Exercise prompt: Look below for the line containing "- At the first" and the line containing "Wellsley Farms madeleine"; repeat exactly those two lines and all lines between them, and nothing else.

*** Given data ***

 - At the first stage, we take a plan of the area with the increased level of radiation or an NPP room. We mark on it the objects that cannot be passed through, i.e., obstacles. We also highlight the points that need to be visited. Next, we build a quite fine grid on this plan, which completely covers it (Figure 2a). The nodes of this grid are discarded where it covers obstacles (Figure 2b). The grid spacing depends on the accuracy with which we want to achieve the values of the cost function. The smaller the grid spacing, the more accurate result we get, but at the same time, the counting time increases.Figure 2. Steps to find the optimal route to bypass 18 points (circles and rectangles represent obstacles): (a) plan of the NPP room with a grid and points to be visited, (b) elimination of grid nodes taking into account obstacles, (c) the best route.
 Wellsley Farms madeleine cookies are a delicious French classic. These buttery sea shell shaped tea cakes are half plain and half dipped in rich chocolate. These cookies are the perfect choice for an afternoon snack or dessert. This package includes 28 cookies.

*** End of Given data ***
*** Given data ***

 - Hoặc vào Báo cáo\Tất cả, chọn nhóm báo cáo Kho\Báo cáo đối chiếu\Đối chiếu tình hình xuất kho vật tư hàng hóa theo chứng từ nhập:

*** End of Given data ***
*** Given data ***

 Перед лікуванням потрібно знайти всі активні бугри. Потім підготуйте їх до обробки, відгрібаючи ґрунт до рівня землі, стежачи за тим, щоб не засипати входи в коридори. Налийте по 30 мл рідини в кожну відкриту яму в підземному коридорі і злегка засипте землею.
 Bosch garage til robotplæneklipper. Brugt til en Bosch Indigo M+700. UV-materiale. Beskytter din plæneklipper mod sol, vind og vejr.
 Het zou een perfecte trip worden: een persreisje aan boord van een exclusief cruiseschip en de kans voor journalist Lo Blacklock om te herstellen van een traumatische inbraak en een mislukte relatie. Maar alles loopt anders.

*** End of Given data ***

Response to the exercise:
 - At the first stage, we take a plan of the area with the increased level of radiation or an NPP room. We mark on it the objects that cannot be passed through, i.e., obstacles. We also highlight the points that need to be visited. Next, we build a quite fine grid on this plan, which completely covers it (Figure 2a). The nodes of this grid are discarded where it covers obstacles (Figure 2b). The grid spacing depends on the accuracy with which we want to achieve the values of the cost function. The smaller the grid spacing, the more accurate result we get, but at the same time, the counting time increases.Figure 2. Steps to find the optimal route to bypass 18 points (circles and rectangles represent obstacles): (a) plan of the NPP room with a grid and points to be visited, (b) elimination of grid nodes taking into account obstacles, (c) the best route.
 Wellsley Farms madeleine cookies are a delicious French classic. These buttery sea shell shaped tea cakes are half plain and half dipped in rich chocolate. These cookies are the perfect choice for an afternoon snack or dessert. This package includes 28 cookies.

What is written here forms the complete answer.